WHAT YOU WILL DO -
Within the entries below, please retype exactly the lines starting with the line that has "- GST Included/Excluded" and going on through the line that has "A Retro glazed", but not the pictures.

Saved entries
+ + + + + + +
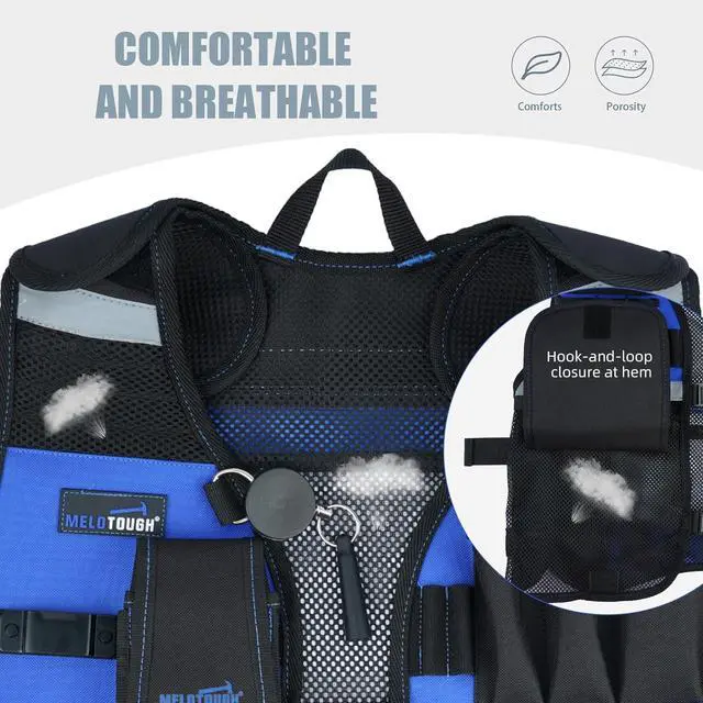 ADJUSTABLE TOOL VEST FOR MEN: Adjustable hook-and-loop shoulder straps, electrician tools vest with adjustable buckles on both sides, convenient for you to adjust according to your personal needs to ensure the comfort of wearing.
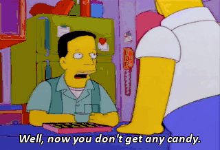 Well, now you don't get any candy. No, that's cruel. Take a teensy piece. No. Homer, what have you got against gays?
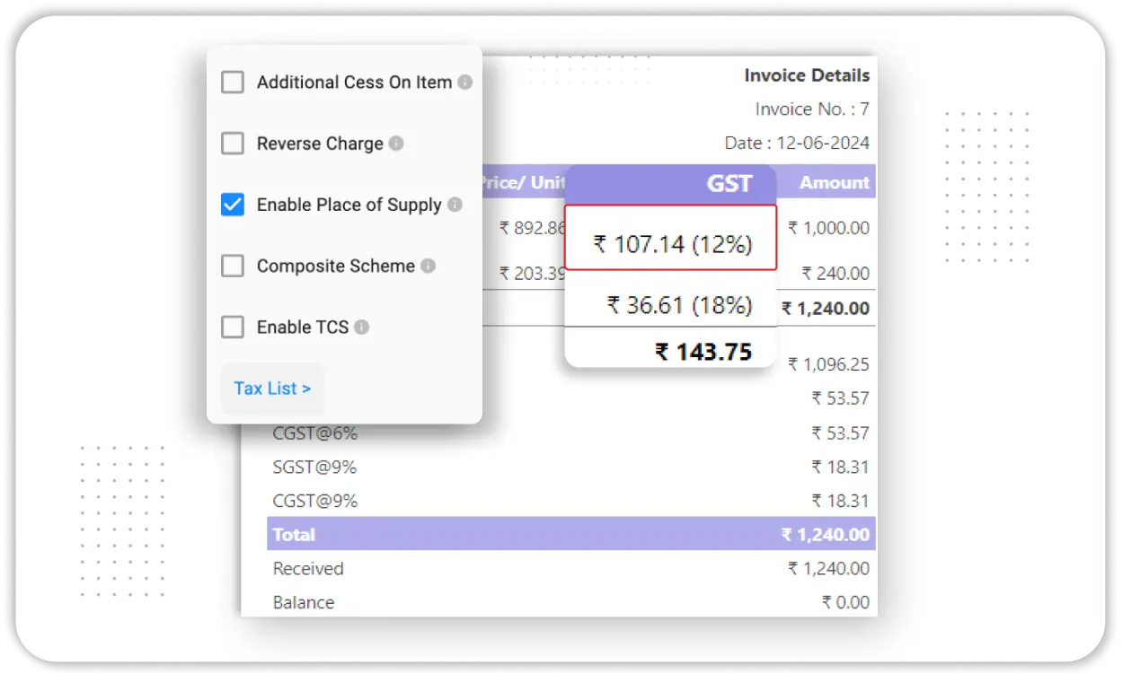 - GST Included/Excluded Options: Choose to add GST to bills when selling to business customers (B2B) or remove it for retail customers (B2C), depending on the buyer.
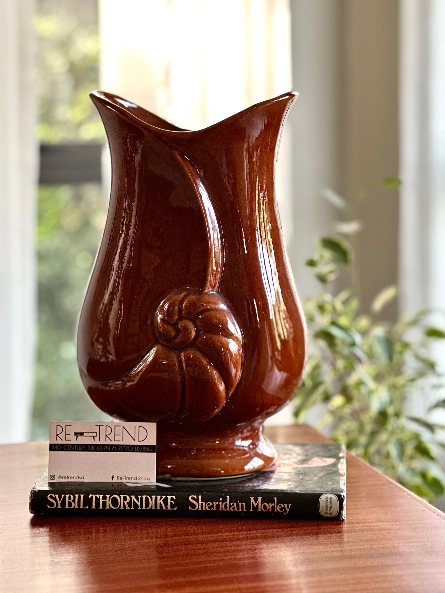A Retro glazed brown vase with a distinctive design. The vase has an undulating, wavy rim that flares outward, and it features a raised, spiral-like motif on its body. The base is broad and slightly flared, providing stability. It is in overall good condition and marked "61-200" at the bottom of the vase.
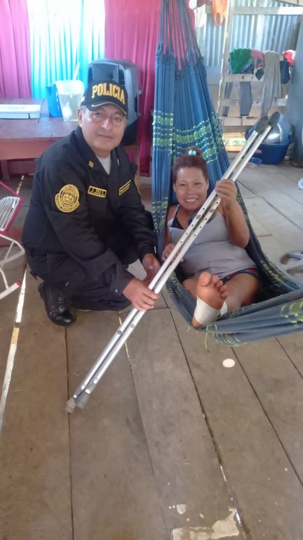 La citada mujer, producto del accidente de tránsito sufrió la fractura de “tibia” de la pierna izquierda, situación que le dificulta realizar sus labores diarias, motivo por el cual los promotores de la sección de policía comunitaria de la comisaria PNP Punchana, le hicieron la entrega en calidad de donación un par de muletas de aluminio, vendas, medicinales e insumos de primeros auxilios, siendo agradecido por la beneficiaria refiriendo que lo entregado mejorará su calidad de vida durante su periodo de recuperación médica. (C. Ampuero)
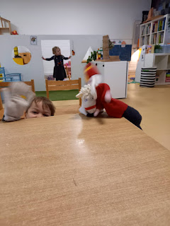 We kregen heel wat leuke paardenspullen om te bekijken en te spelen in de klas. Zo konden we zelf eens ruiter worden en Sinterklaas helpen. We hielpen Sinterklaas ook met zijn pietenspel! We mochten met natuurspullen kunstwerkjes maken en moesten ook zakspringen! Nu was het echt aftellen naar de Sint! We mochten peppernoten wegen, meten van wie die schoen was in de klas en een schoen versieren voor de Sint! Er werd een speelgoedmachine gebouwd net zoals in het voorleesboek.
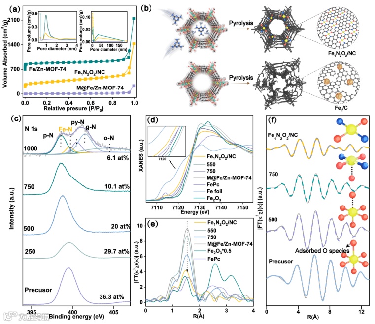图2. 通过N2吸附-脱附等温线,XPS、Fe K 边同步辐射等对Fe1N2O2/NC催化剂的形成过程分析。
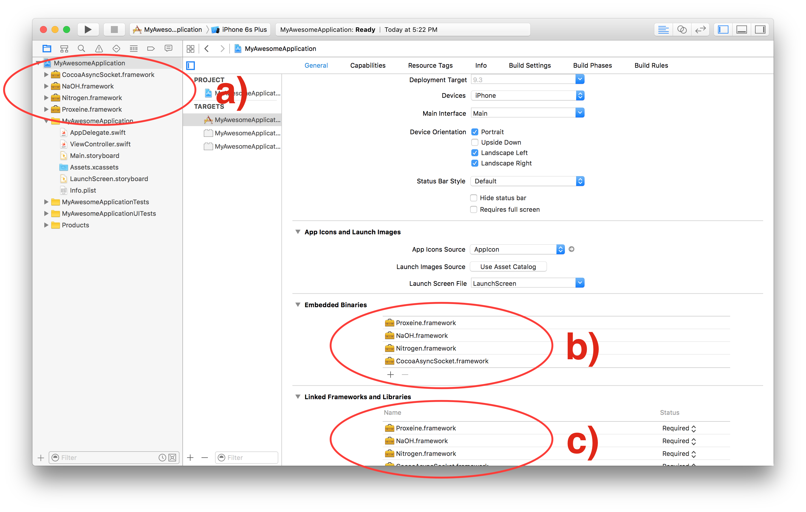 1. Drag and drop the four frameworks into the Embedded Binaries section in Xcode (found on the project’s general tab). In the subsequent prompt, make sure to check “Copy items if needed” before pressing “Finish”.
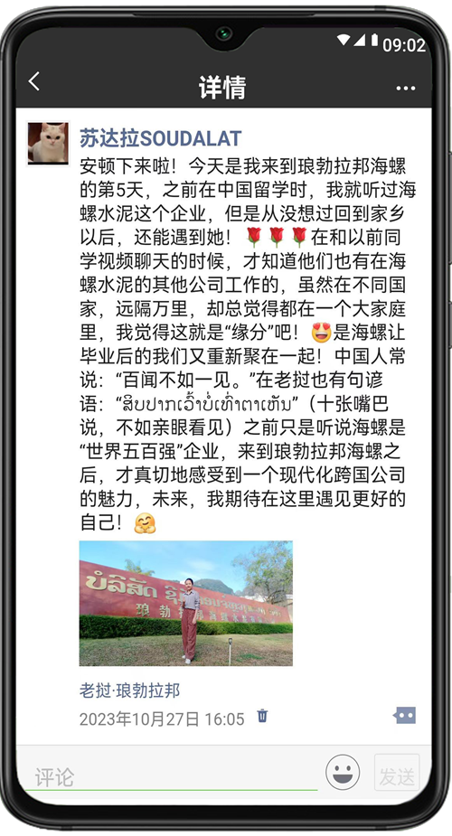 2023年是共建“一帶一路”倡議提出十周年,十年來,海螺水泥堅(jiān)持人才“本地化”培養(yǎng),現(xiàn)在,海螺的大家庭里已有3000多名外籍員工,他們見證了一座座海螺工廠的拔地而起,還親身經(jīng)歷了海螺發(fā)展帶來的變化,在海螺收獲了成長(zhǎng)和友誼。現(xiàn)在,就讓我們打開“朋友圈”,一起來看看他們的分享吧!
+ + + + + + +
OUTPUT -
 - GST Included/Excluded Options: Choose to add GST to bills when selling to business customers (B2B) or remove it for retail customers (B2C), depending on the buyer.
A Retro glazed brown vase with a distinctive design. The vase has an undulating, wavy rim that flares outward, and it features a raised, spiral-like motif on its body. The base is broad and slightly flared, providing stability. It is in overall good condition and marked "61-200" at the bottom of the vase.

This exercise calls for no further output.